The Patriot Jocks, which are more than 20 million strong, consider Elon Musk one of their top influencers, spend their time on Reddit, YouTube, Twitter and TikTok, and are characterized by the fifty.io team as "sports-obsessed tribe, following sports networks, athletes and influencers. Embodying an All-American spirit, the Patriot Jocks prioritize family identifying as ‘husband’ or ‘father’. The Patriot Jocks show an affinity to conservative and traditional values, engaging in moderately Republican-leaning media."
I know some of them, and while it confounds me that they don't seem to care about the kind of democratic ideals I was raised with, I don't blame them. They grew up in a hyper-fragmented world of media information choice, heavily into videogames, online porn and other dissociative media that are so different from the framework people of my generation were exposed to that I'm not surprised they've become politically rewired.
Don't get me wrong, there always have been a strong base of "young Republicans," but in the old days, they at least subscribed to the kind of democratic principles America was founded on.
I imagine another big factor for them is that there is so much distance between them and the Greatest Generation that fought fascists to keep America free that it probably seems like some kind of antique American nostalgia to them. Like American Nazis holding a rally in Madison Square Garden.
This generational amnesia isn't just influencing young Americans, it's part of a global trend that I've reported on several times, correlating the rapid rise of digital media and a corresponding decline in the world's population living in a democracy.
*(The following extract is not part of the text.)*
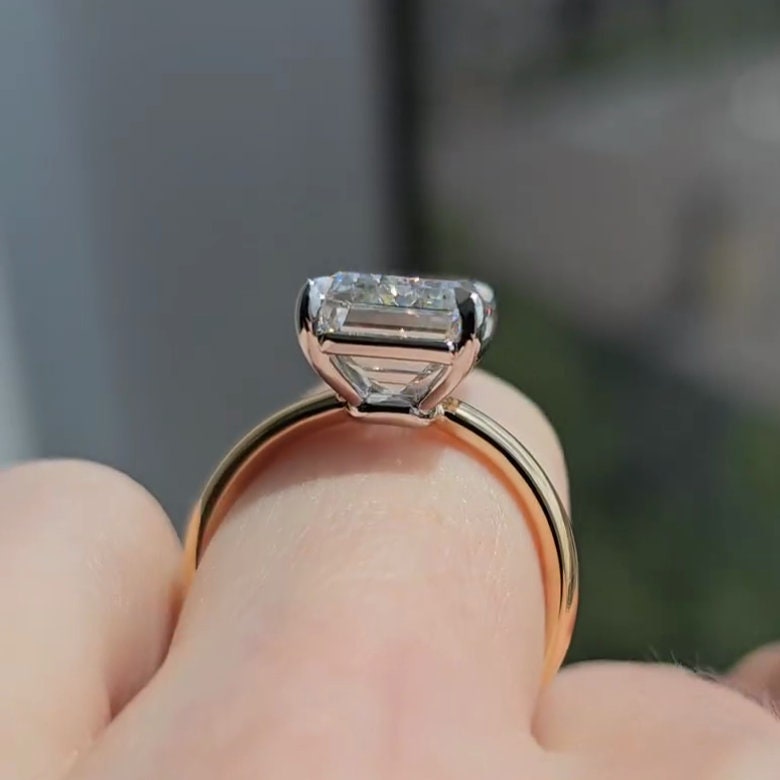 Make a bold statement with this 7.00ct emerald lab-grown diamond ring in a two-tone gold setting. Ethically sourced, IGI-certified, and handcrafted to perfection. A luxurious and sustainable choice for your forever moment.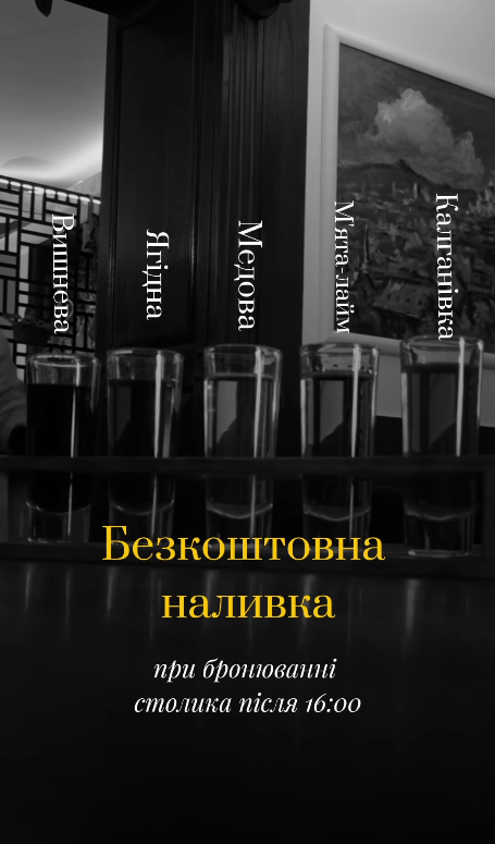 После 16:00 бронируй столик, заказывай от 600 грн – и забирай бесплатную порцию нашей фирменной наливки от заведения.

I don't think it's a coincidence, and I'm pretty sure some anti-democratic forces have been exploiting unfettered access of digital media to accelerate it.
I'm not 100% sure how to combat it, but I know that the ad industry has at least some role in it, because without the economic underwriting of advertising, much of the digital media platforms contributing to the shift wouldn't even exist.
I think it's ironic -- and sad -- that when the ad industry actually tries to come together to work against harmful content of that sort, someone like Elon Musk uses his economic might to shut it down. And that when an American regulatory agency -- the Federal Trade Commission -- tries to enforce rules prohibiting Musk from spreading disinformation (you know, the FTC was conceived to protect American consumers from deceptive commercial communications), the Jim Jordan's partisan House Judiciary Committee this week issued a report attacking the FTC's regulatory enforcement as "weaponization" harassing Elon Musk.
Recently, I had the good pleasure to vent about some of this during a podcast (listen below) with Tim Love, producer and host of the "Discovering Truth" podcast. Love is former vice chairman of Omnicom Group and has long since retired from the ad industry, but he devotes much of his time these days to spreading the truth, having conversations with and writing about people who also do.
He and his subjects are worth listening to.
Meanwhile, remember your vote counts. For now, anyway.